20 • Most given graph classification methods are computationally expensive, we are wondering whether there is any inexpensive way to achieve graph classification. More specifically, if we use some random sub-graphs to represent a graph datasets, how good the classification accuracy will be, compared to the approaches that use sophisticated sub-graph mining algorithms?

Motivated by the above concerns, empirical studies on the role of sub-graph for graph classification. We carry out empirical studies on four real-world graph classification tasks, by using three types of sub-graph features, including frequent sub-graphs, frequent sub- graph selected by using information gain, and random sub-graphs, and by using two types of learning algorithms including Support Vector Machines and Nearest Neighbour. Our experiments show that (1) The discriminative power of sub-graphs varies by their sizes; (2) Random sub-graphs have a reasonably good performance; (3) Number of sub-graphs is important to ensure good performance; (4) Increasing number of sub-graphs reduces the difference between classifiers built from different sub-graphs, and (5) Performance with respect to different classifiers shows similar trend. Our studies provide a practical guidance for designing effective sub-graph based graph classification methods. From the empirical studies, we discover a fact that unlike traditional instance-feature representations, graphs do not have specific features, so an essential step in building a graph classification model is to explore graph features to represent graph data in an instance- feature space for effective learning [57]. The majority of existing graph classification models employ an occurrence-based feature representation model, in which a set of sub-graph features is selected to represent the graph data by using the occurrence of the sub-graph in the graph (either 0/1 occurrence or actual number of occurrences) as the feature value. In this thesis, we refer to such an occurrence based representation model as coarse-grained representation model.

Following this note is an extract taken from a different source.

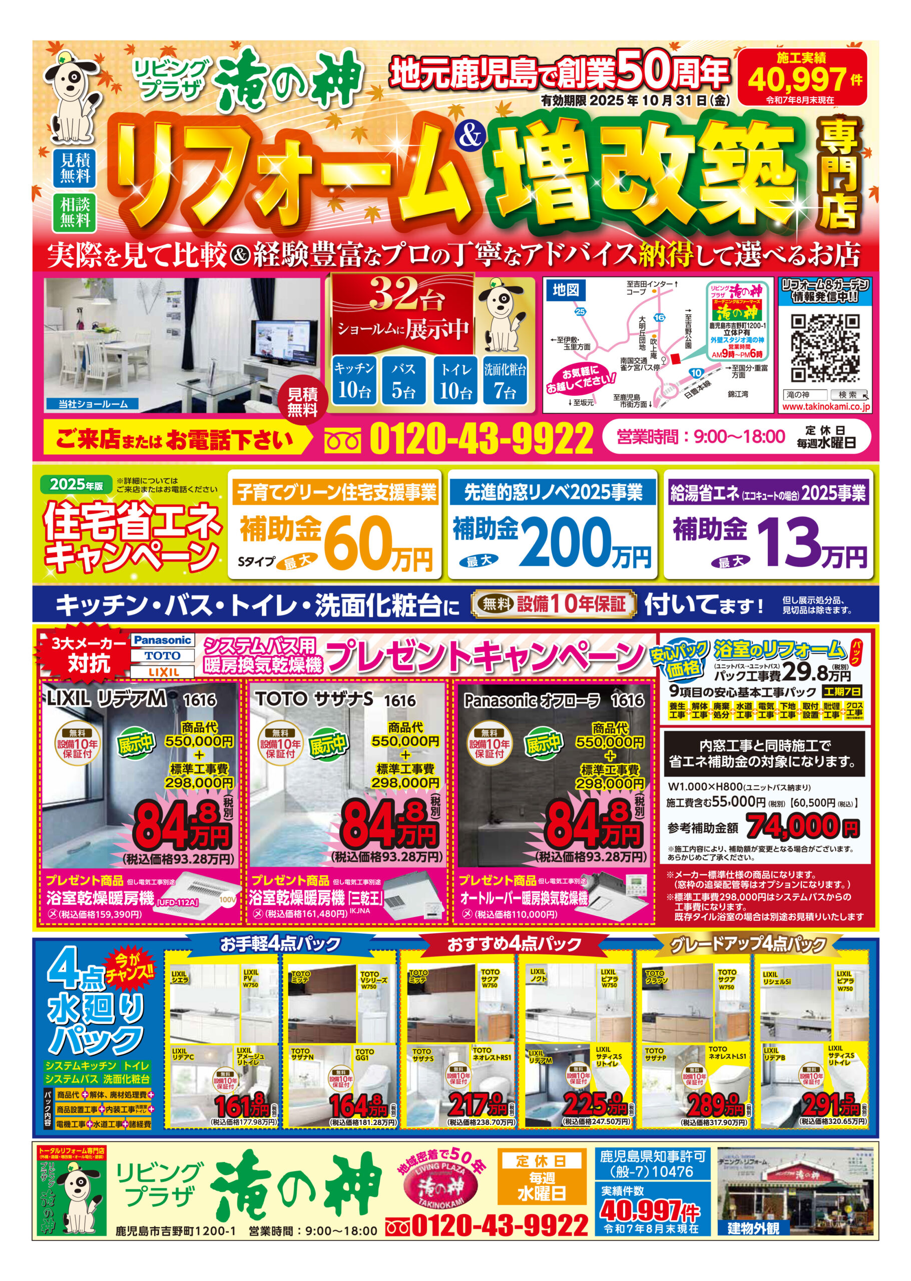 お得なチラシ【2025年10月31日まで】住宅省エネ補助金(2025年版)キャンペーン実施中!3大メーカー(Panasonic・TOTO・LIXIL)対抗★システムバス用暖房換気乾燥機プレゼントキャンペーン!お見積・ご相談無料で承ります【鹿児島市・姶良市・伊集院地区のリフォーム・リノベーション・外壁塗装・屋根塗装・エクステリア・ガーデン】

For existing sub-graph based graph classification methods (coarse-grained representation models), they have a number of disadvantages, especially for graph streaming classification including: Computation burden for isomorphism validation: Because sub- graphs are selected as features to represent the graph, the expensive sub-graph mining and isomorphism validation process can not be avoided (graph isomorphism is proven to be

21 NP-hard) [19]. After the sub-graph features have been selected, the isomorphism validation process has to be applied again to map the graphs into the vector space. Because sub-graphs are selected as features to represent the graph and general learning methods prefer low feature dimension, a coarse-grained feature representation model has to limit the number of sub-graph to represent the graph data. Severe and unbounded information loss: Because the coarse-grained representation does not characterize the degree of closeness of the sub-graph pattern related to the graph, it suffers information loss in representing the graph. Furthermore, for a graph stream with continuously growing volumes (i.e. an increasing number of graphs) and changing structures (e.g. new nodes may appear in the coming graphs), the disadvantage of the existing coarse-grained graph feature model is even greater. This is because (1) stream volumes continuously increase, making it computationally expensive to explore subgraph features, and (2) the changes in the graph stream (such as new structures) make the sub-graph features incapable of representing graphs. So a ﬁne-grained graph feature model is needed to improve the classiﬁcation performance.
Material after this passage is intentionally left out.